GIVEN MATERIAL:
---

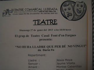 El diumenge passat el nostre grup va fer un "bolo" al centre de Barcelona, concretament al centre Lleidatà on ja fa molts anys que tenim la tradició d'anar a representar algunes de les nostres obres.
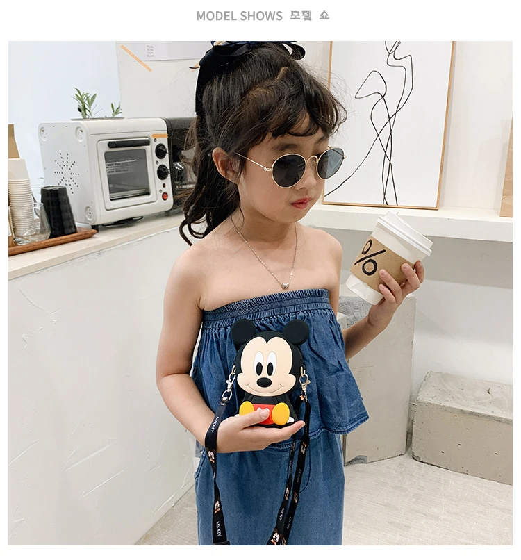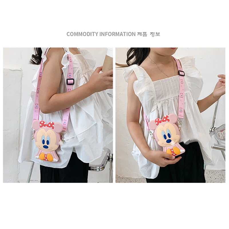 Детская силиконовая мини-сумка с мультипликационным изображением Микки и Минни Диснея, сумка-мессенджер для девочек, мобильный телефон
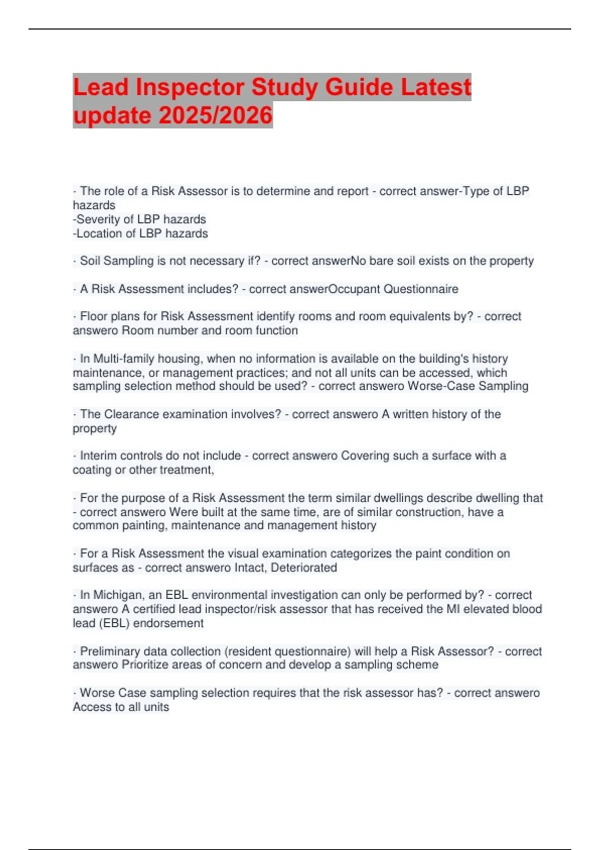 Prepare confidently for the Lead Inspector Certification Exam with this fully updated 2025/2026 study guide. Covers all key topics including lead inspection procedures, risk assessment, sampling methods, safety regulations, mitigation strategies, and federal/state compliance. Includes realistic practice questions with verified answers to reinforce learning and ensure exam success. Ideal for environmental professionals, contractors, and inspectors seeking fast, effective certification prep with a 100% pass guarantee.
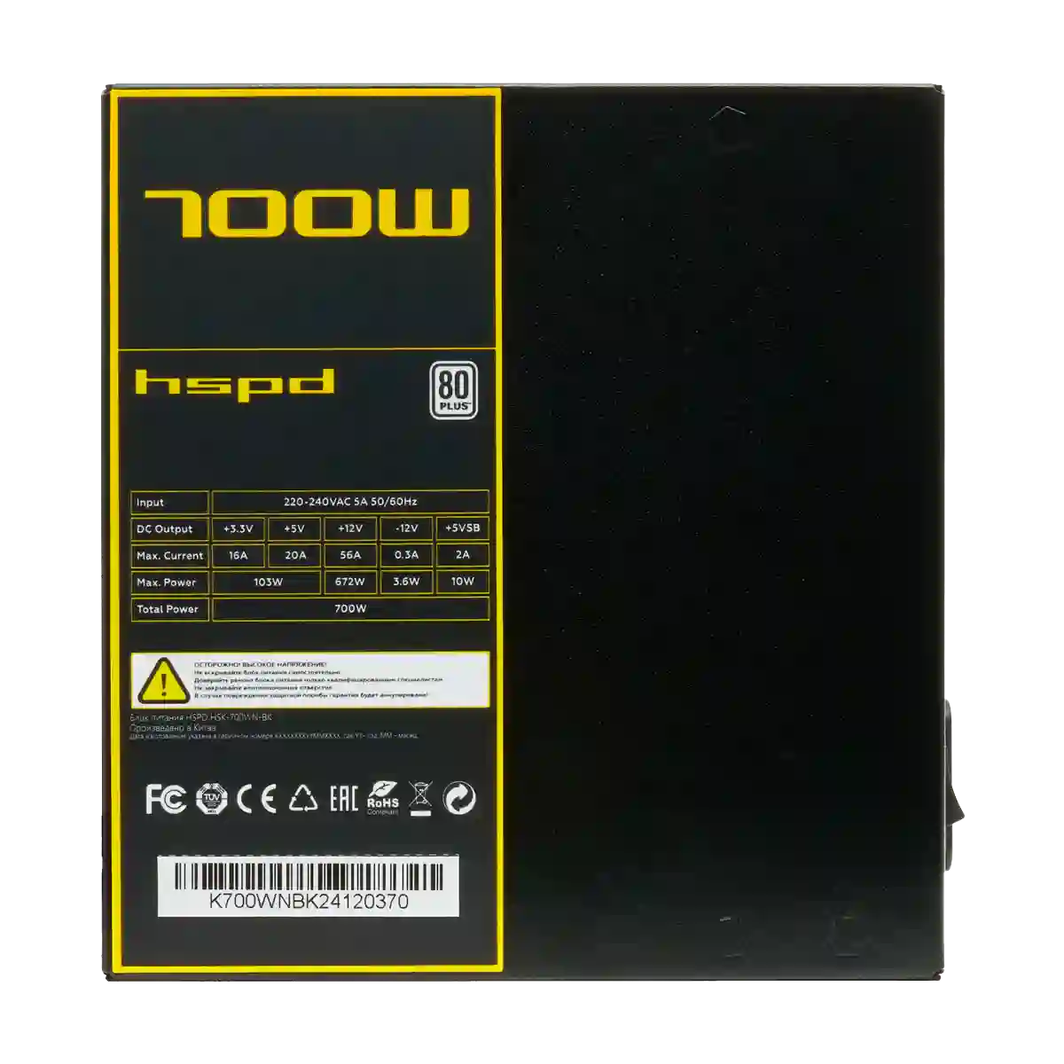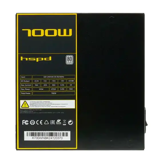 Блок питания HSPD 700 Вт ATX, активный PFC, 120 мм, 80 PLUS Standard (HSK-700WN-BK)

---

YOUR GOAL: Retype each line above exactly and leave out any picture.

RESPONSE BELOW:
 El diumenge passat el nostre grup va fer un "bolo" al centre de Barcelona, concretament al centre Lleidatà on ja fa molts anys que tenim la tradició d'anar a representar algunes de les nostres obres.
 Детская силиконовая мини-сумка с мультипликационным изображением Микки и Минни Диснея, сумка-мессенджер для девочек, мобильный телефон
 Prepare confidently for the Lead Inspector Certification Exam with this fully updated 2025/2026 study guide. Covers all key topics including lead inspection procedures, risk assessment, sampling methods, safety regulations, mitigation strategies, and federal/state compliance. Includes realistic practice questions with verified answers to reinforce learning and ensure exam success. Ideal for environmental professionals, contractors, and inspectors seeking fast, effective certification prep with a 100% pass guarantee.
 Блок питания HSPD 700 Вт ATX, активный PFC, 120 мм, 80 PLUS Standard (HSK-700WN-BK)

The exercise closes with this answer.